**Recorded information:**

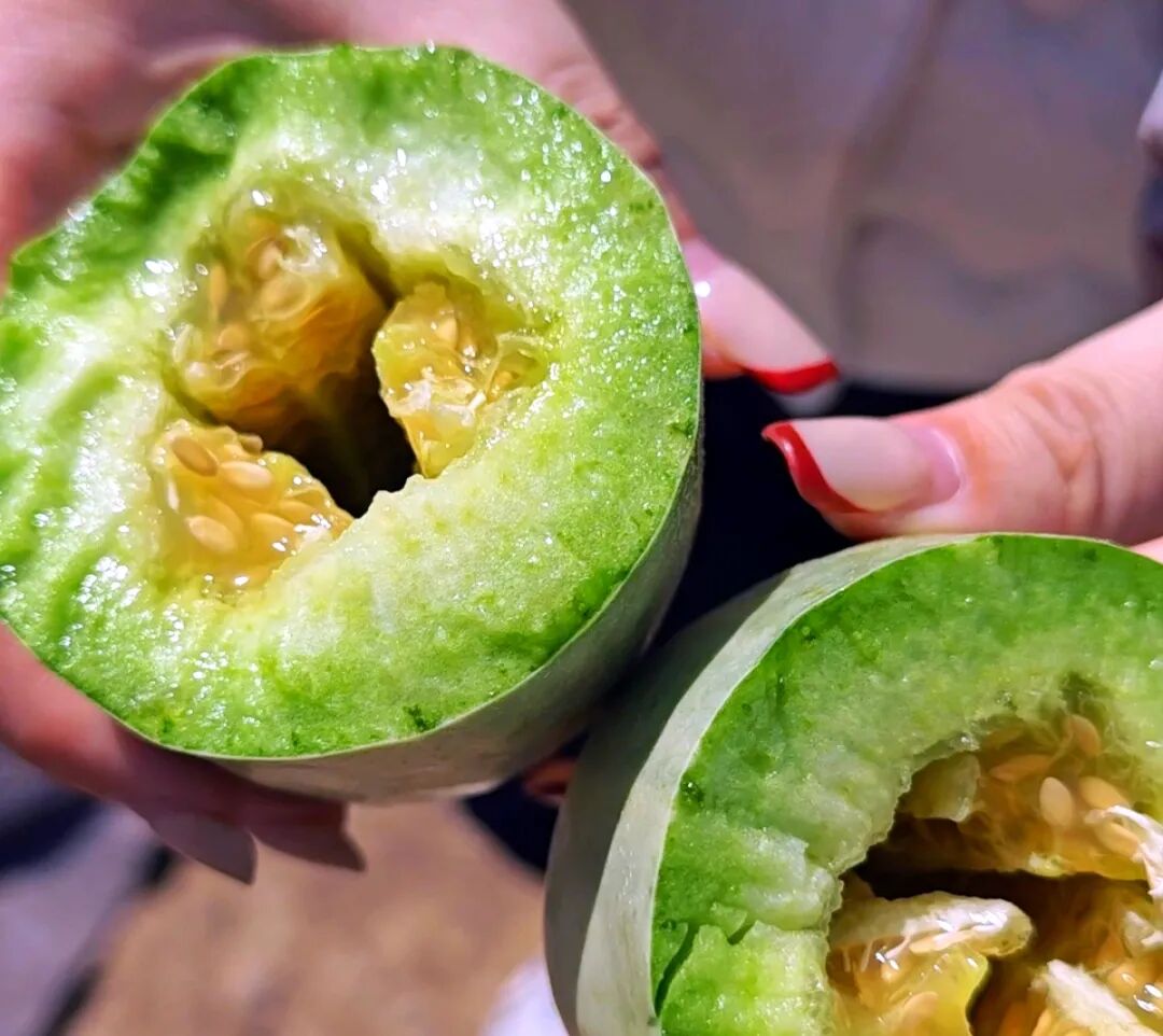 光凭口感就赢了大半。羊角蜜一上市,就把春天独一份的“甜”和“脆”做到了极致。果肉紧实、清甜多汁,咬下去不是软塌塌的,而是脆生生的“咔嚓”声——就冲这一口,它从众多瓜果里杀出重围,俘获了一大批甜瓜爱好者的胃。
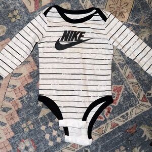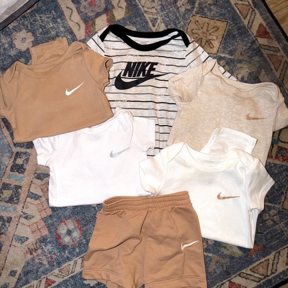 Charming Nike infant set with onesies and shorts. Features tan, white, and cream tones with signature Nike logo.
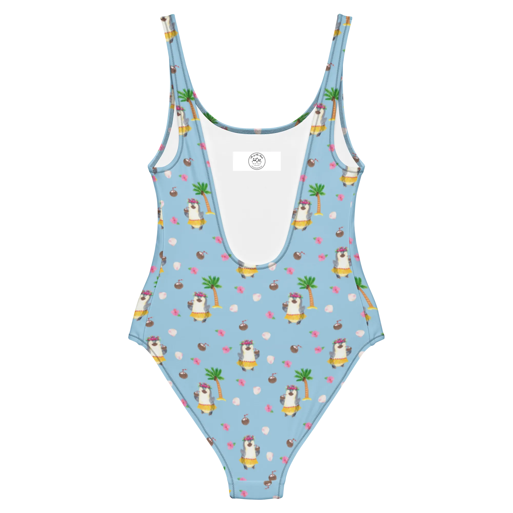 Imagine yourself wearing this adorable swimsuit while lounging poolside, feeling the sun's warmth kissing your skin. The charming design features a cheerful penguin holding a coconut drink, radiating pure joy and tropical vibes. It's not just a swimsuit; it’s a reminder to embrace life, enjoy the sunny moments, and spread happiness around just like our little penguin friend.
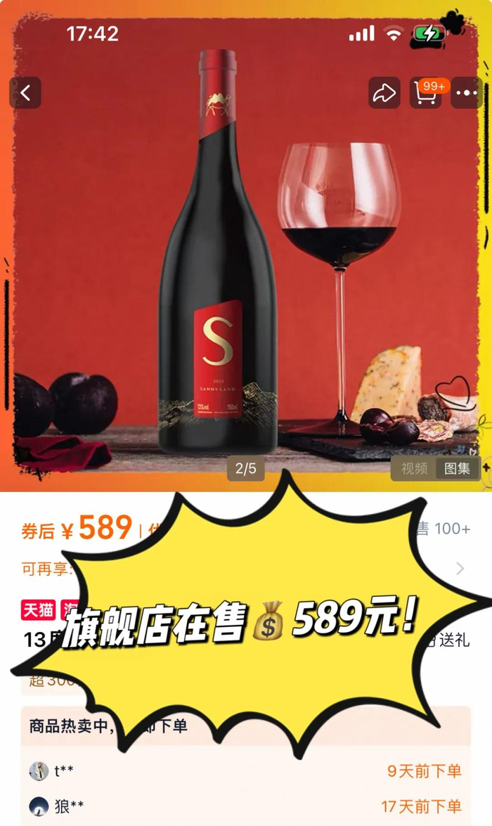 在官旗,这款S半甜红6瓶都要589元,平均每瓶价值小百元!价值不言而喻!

**What is being asked:** Every line of the data above is to be repeated exactly; the images are to be left out.

**Expected answer:**
 光凭口感就赢了大半。羊角蜜一上市,就把春天独一份的“甜”和“脆”做到了极致。果肉紧实、清甜多汁,咬下去不是软塌塌的,而是脆生生的“咔嚓”声——就冲这一口,它从众多瓜果里杀出重围,俘获了一大批甜瓜爱好者的胃。
 Charming Nike infant set with onesies and shorts. Features tan, white, and cream tones with signature Nike logo.
 Imagine yourself wearing this adorable swimsuit while lounging poolside, feeling the sun's warmth kissing your skin. The charming design features a cheerful penguin holding a coconut drink, radiating pure joy and tropical vibes. It's not just a swimsuit; it’s a reminder to embrace life, enjoy the sunny moments, and spread happiness around just like our little penguin friend.
 在官旗,这款S半甜红6瓶都要589元,平均每瓶价值小百元!价值不言而喻!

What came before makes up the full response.